[Start of section]

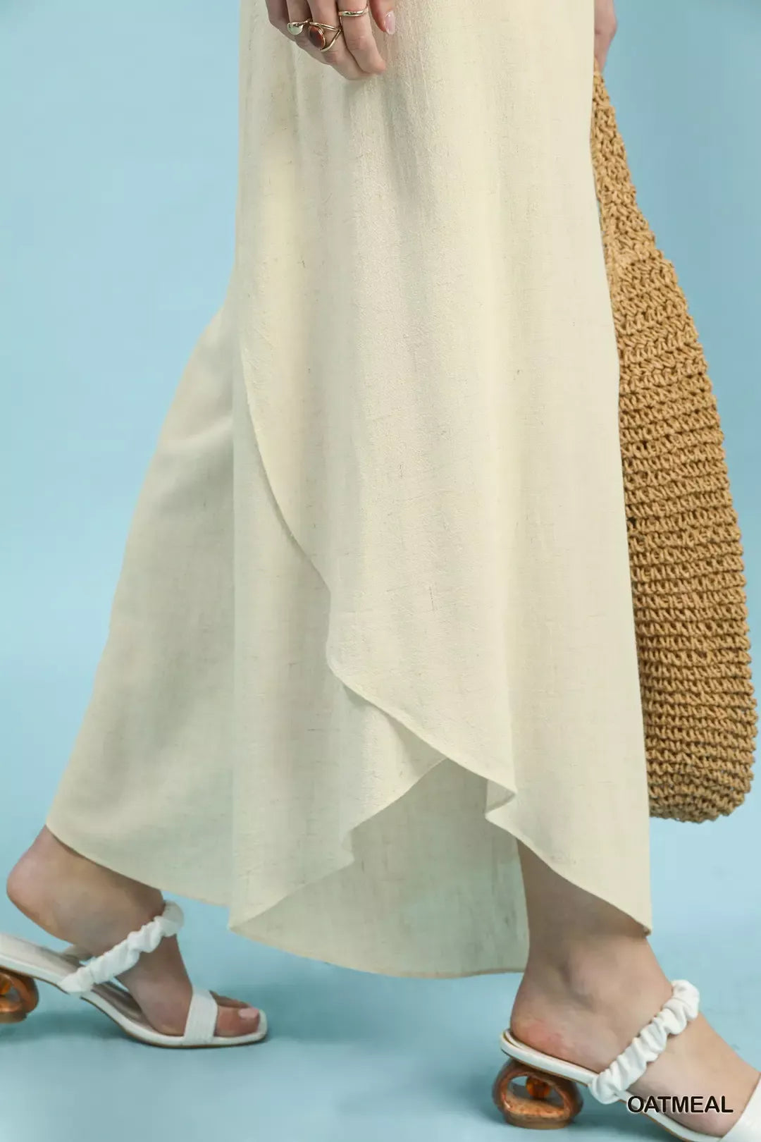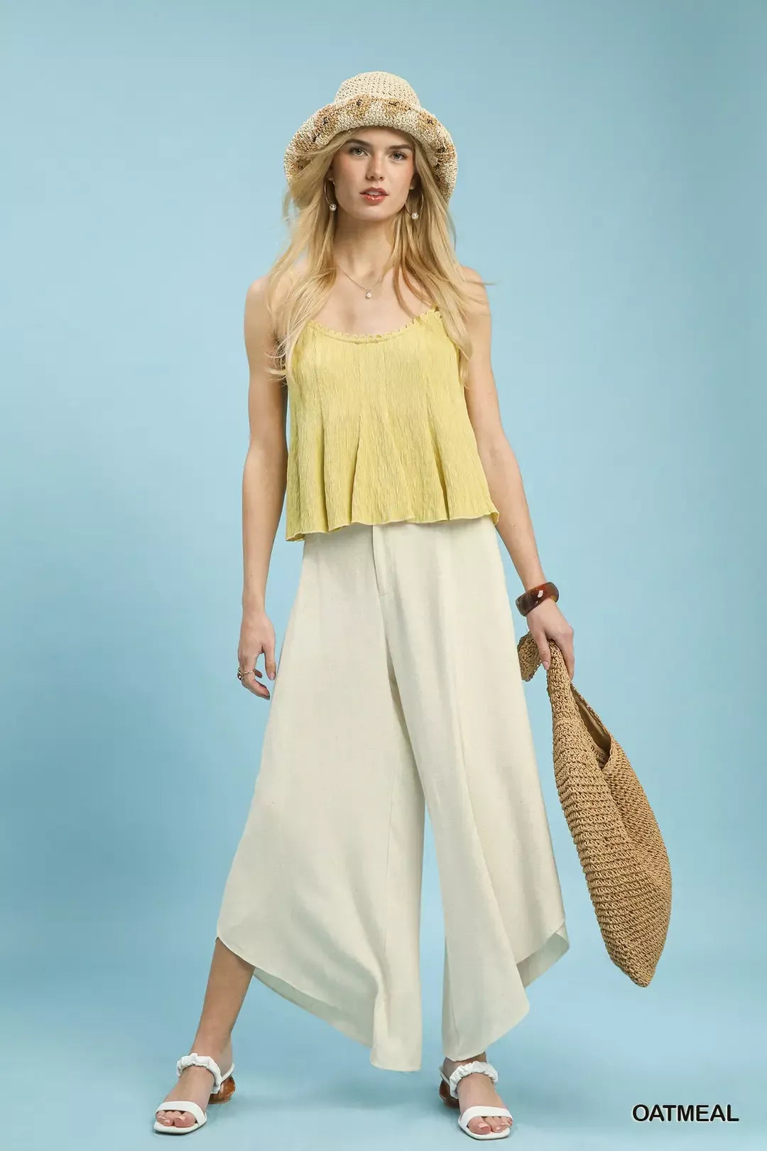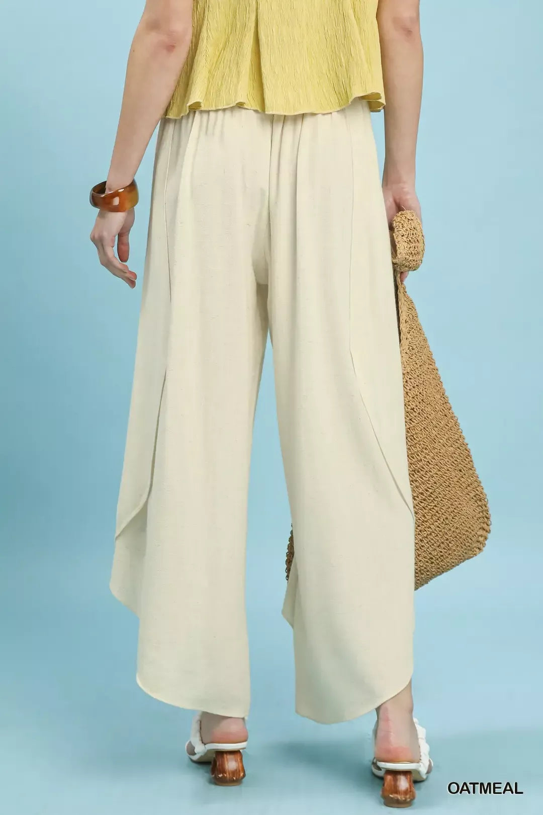 These Flowy Asymmetrical Hem Wide Leg Pants are a stylish and breezy addition to your wardrobe. The asymmetrical handkerchief hem adds a unique and playful touch to the classic wide leg silhouette. Made from linen, these pants are lightweight and perfect for warmer weather. Please note that these pants are not lined, providing a breathable and comfortable fit. Elevate your casual or dressy look with these flowy pants that offer a trendy twist with their asymmetrical hem design.
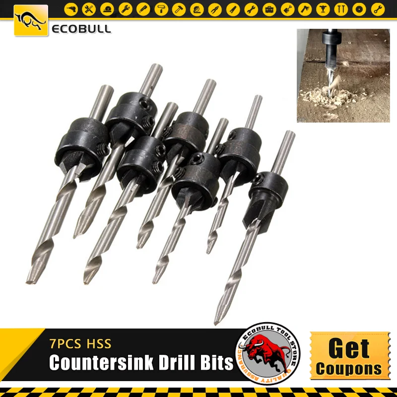 Пегасик 7 шт. HSS деревянных конические зенковки набор сверл ограничитель глубины Регулируемый воротник деревообработки дерево Инструменты Малый Гаечные ключи комплект
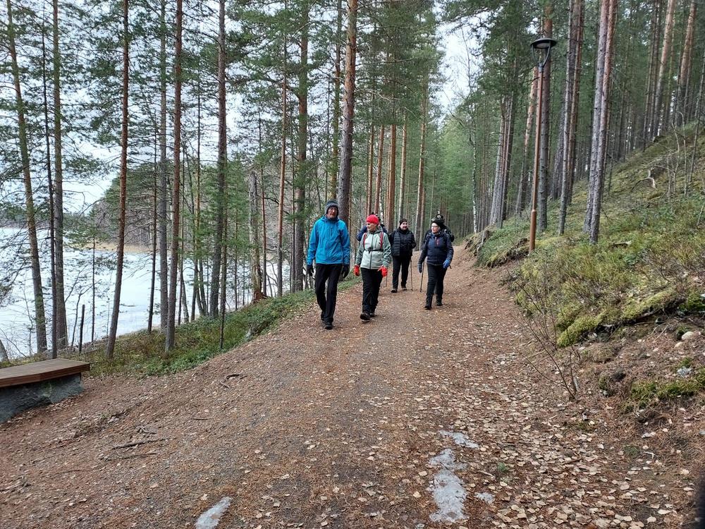 Punkaharjun jääliikuntapäivä vaihtui pikkuporukan patikoimiseksi keväisillä harjupoluilla. Hyvä sää, upeat maisemat, valmiit makkaratulet, mukavat jutut ja porukka loivat hyvän retken.

[End of section]

With every picture left out, print exactly the lines from the one containing "Пегасик 7 шт." through the final line of the material above.

 Пегасик 7 шт. HSS деревянных конические зенковки набор сверл ограничитель глубины Регулируемый воротник деревообработки дерево Инструменты Малый Гаечные ключи комплект
 Punkaharjun jääliikuntapäivä vaihtui pikkuporukan patikoimiseksi keväisillä harjupoluilla. Hyvä sää, upeat maisemat, valmiit makkaratulet, mukavat jutut ja porukka loivat hyvän retken.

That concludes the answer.